Data below:
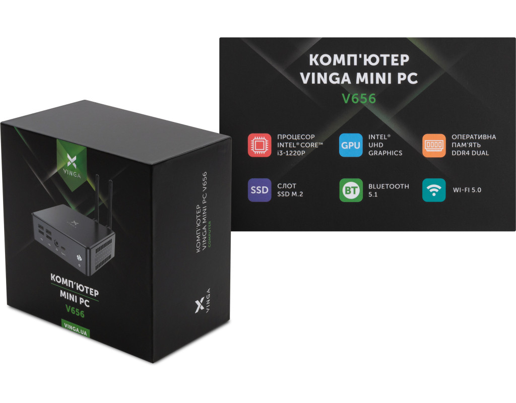 | Компьютер Vinga Mini PC V656 (V6561220P) представляет собой исключительно компактную и производительную систему, которая прекрасно сочетает в себе современные технологии и эргономичный дизайн. Этот неттоп, отнесенный к категории Barebone системы, предоставляет уникальную возможность настройки конфигурации под конкретные потребности пользователя. Именно это делает его идеальным выбором как для офисной среды, так и для домашнего использования, где важна каждая деталь. Мощная производительность обеспечивается процессором Intel Core i3 двенадцатого поколения, модель 1220P, который имеет 10 ядер и 12 потоков. Базовая частота процессора составляет 1.5 ГГц, а в режиме Boost она достигает значительных 4.4 ГГц, что позволяет обрабатывать даже самые требовательные задачи быстро и эффективно. Интегрированная видеокарта UHD Graphics обеспечивает высокое качество изображения, поддерживая многозадачность и воспроизведение мультимедиа на высоком уровне. Инновационные возможности подключения делают Vinga Mini PC V656 особенно удобным в использовании. Компьютер оснащен беспроводными модулями Bluetooth 5.1 и Wi-Fi (802.11ac), что позволяет легко подключаться к интернету и другим устройствам без необходимости использовать дополнительные кабели. Разнообразие внешних портов включает 1 x DisplayPort, 1 x Audio, 1 x RJ45, 1 x USB Type-C, 4 x USB 2.0, 2 x USB 3.2 Gen2, и 2 x HDMI, что открывает перед вами огромные возможности для подключения дополнительных девайсов и технологий. Гибкость настройки достигнута благодаря возможности установки двух модулей памяти SO-DIMM DDR4 (3200 MHz) и различных накопителей. Поддерживаются как традиционные HDD/SSD формата 2.5" (SATA3), так и современные скоростные M.2 (PCIEx4/SATA3) накопители с поддержкой протокола NVMe. Это решение позволяет индивидуально настраивать объем памяти и скорость обработки данных, в соответствии с вашими собственными потребностями. Удобство и эргономичность являются важными преимуществами Mini PC Vinga. Компактные размеры и возможность крепления VESA (75х75, 100х100) позволяют наилучшим образом организовать пространство, сделав эту модель идеальной для использования в ограниченных условиях. Компьютер оснащен внешним адаптером питания мощностью 65 Вт, что снижает тепловыделение и способствует экономии энергии, одновременно обеспечивая стабильную работу при интенсивных нагрузках. Интеллектуальные функции поддержки сетевых технологий, таких как Wake-on-LAN, позволяют удаленно управлять компьютером, значительно упрощая процессы администрирования и управления. Эта функция делает Vinga Mini PC особенно привлекательным выбором для организаций, которым требуется надежный и быстрый доступ к своим системам. Потрясающие мультимедийные возможности представлены адаптацией HDMI и DisplayPort для одновременного подключения нескольких мониторов, что идеально подходит для продуктивной работы и углубленных взаимодействий с контентом. Современная система вентиляции обеспечивает эффективное охлаждение, повышая надежность и продлевая срок эксплуатации устройства. В итоге, Vinga Mini PC V656 (V6561220P) - это не только компактный, но и чрезвычайно мощный компьютер, который предлагает невероятную гибкость, возможность масштабирования и множество вариантов подключения, предоставляя пользователям возможность создать оптимальную рабочую среду без лишних усилий. Это идеальный выбор для тех, кто ценит качество, надежность и высокие
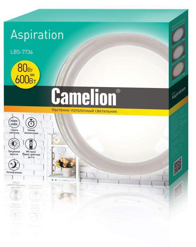 Светильники светодиодные настенно-потолочные с управлением с ИК-пульта Camelion предназначены для внутреннего освещения общественных, бытовых и подсобных помещений. Camelion LBS-7736 (LED св-к, 80Вт), диаметр 500мм, источник света - встроенные светодиоды, мощность 80Вт, макс световой поток 7800лм, IP 20, цв. температура 3000K/4000K/6000K. Материал светильника/ плафона - Металл/пластик
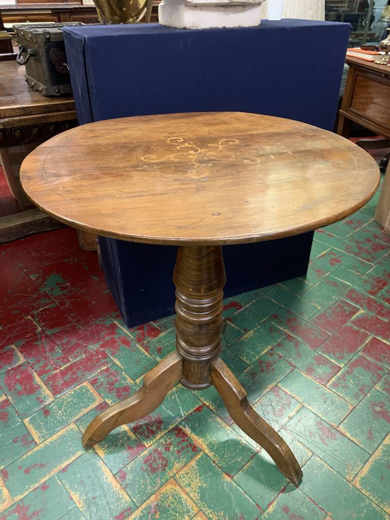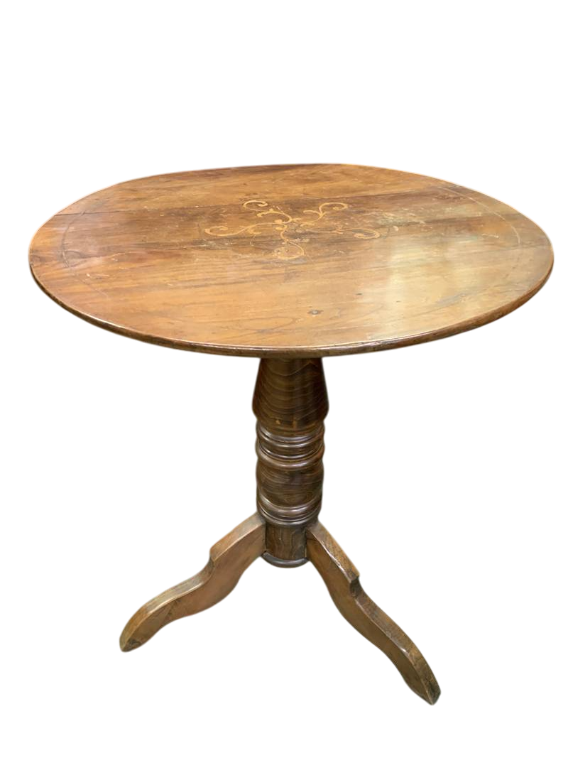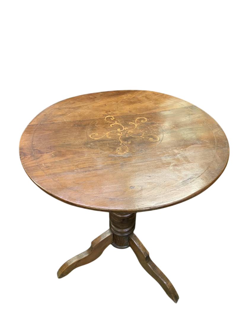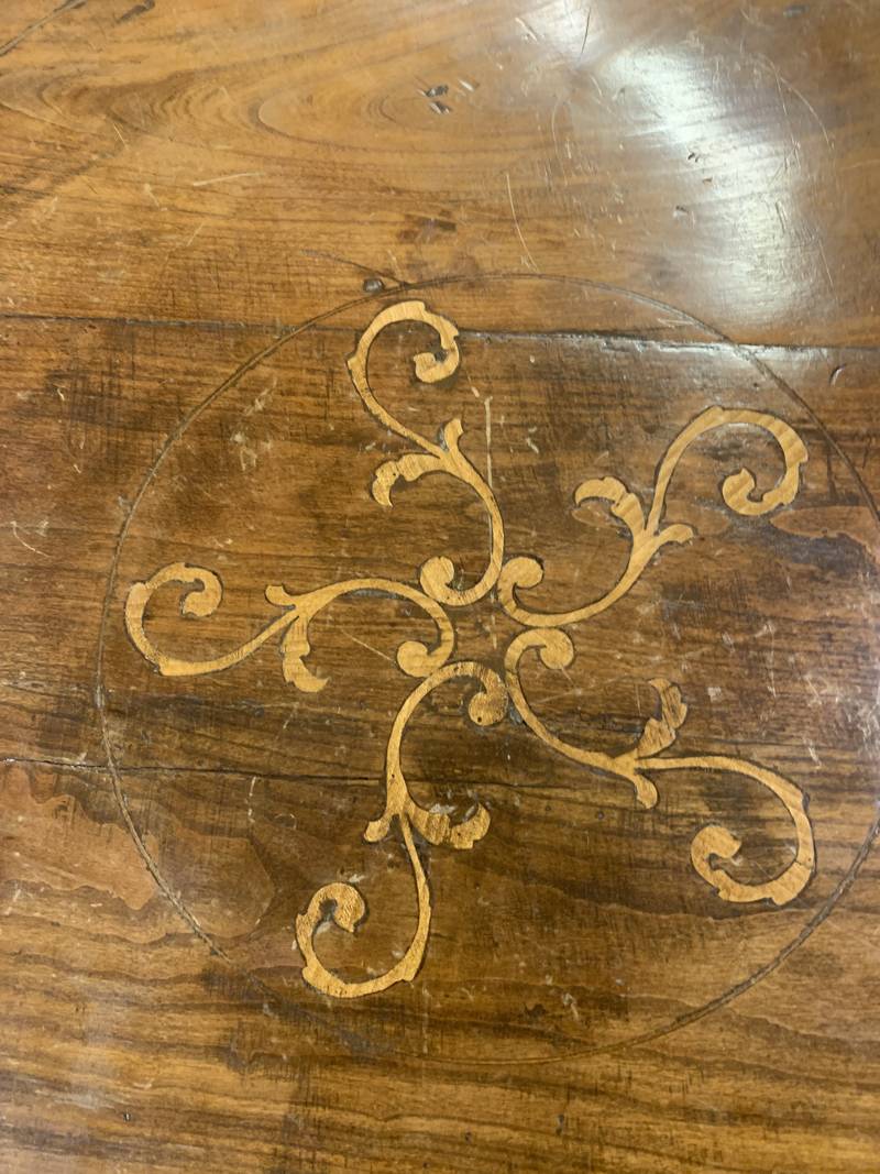 Antico tavolino rotondo dell’800 in ciliegio intarsiato

What this task involves: Take the listing above and retype it exactly. Its pictures are to be omitted.

Response for this exercise:
 | Компьютер Vinga Mini PC V656 (V6561220P) представляет собой исключительно компактную и производительную систему, которая прекрасно сочетает в себе современные технологии и эргономичный дизайн. Этот неттоп, отнесенный к категории Barebone системы, предоставляет уникальную возможность настройки конфигурации под конкретные потребности пользователя. Именно это делает его идеальным выбором как для офисной среды, так и для домашнего использования, где важна каждая деталь. Мощная производительность обеспечивается процессором Intel Core i3 двенадцатого поколения, модель 1220P, который имеет 10 ядер и 12 потоков. Базовая частота процессора составляет 1.5 ГГц, а в режиме Boost она достигает значительных 4.4 ГГц, что позволяет обрабатывать даже самые требовательные задачи быстро и эффективно. Интегрированная видеокарта UHD Graphics обеспечивает высокое качество изображения, поддерживая многозадачность и воспроизведение мультимедиа на высоком уровне. Инновационные возможности подключения делают Vinga Mini PC V656 особенно удобным в использовании. Компьютер оснащен беспроводными модулями Bluetooth 5.1 и Wi-Fi (802.11ac), что позволяет легко подключаться к интернету и другим устройствам без необходимости использовать дополнительные кабели. Разнообразие внешних портов включает 1 x DisplayPort, 1 x Audio, 1 x RJ45, 1 x USB Type-C, 4 x USB 2.0, 2 x USB 3.2 Gen2, и 2 x HDMI, что открывает перед вами огромные возможности для подключения дополнительных девайсов и технологий. Гибкость настройки достигнута благодаря возможности установки двух модулей памяти SO-DIMM DDR4 (3200 MHz) и различных накопителей. Поддерживаются как традиционные HDD/SSD формата 2.5" (SATA3), так и современные скоростные M.2 (PCIEx4/SATA3) накопители с поддержкой протокола NVMe. Это решение позволяет индивидуально настраивать объем памяти и скорость обработки данных, в соответствии с вашими собственными потребностями. Удобство и эргономичность являются важными преимуществами Mini PC Vinga. Компактные размеры и возможность крепления VESA (75х75, 100х100) позволяют наилучшим образом организовать пространство, сделав эту модель идеальной для использования в ограниченных условиях. Компьютер оснащен внешним адаптером питания мощностью 65 Вт, что снижает тепловыделение и способствует экономии энергии, одновременно обеспечивая стабильную работу при интенсивных нагрузках. Интеллектуальные функции поддержки сетевых технологий, таких как Wake-on-LAN, позволяют удаленно управлять компьютером, значительно упрощая процессы администрирования и управления. Эта функция делает Vinga Mini PC особенно привлекательным выбором для организаций, которым требуется надежный и быстрый доступ к своим системам. Потрясающие мультимедийные возможности представлены адаптацией HDMI и DisplayPort для одновременного подключения нескольких мониторов, что идеально подходит для продуктивной работы и углубленных взаимодействий с контентом. Современная система вентиляции обеспечивает эффективное охлаждение, повышая надежность и продлевая срок эксплуатации устройства. В итоге, Vinga Mini PC V656 (V6561220P) - это не только компактный, но и чрезвычайно мощный компьютер, который предлагает невероятную гибкость, возможность масштабирования и множество вариантов подключения, предоставляя пользователям возможность создать оптимальную рабочую среду без лишних усилий. Это идеальный выбор для тех, кто ценит качество, надежность и высокие
 Светильники светодиодные настенно-потолочные с управлением с ИК-пульта Camelion предназначены для внутреннего освещения общественных, бытовых и подсобных помещений. Camelion LBS-7736 (LED св-к, 80Вт), диаметр 500мм, источник света - встроенные светодиоды, мощность 80Вт, макс световой поток 7800лм, IP 20, цв. температура 3000K/4000K/6000K. Материал светильника/ плафона - Металл/пластик
 Antico tavolino rotondo dell’800 in ciliegio intarsiato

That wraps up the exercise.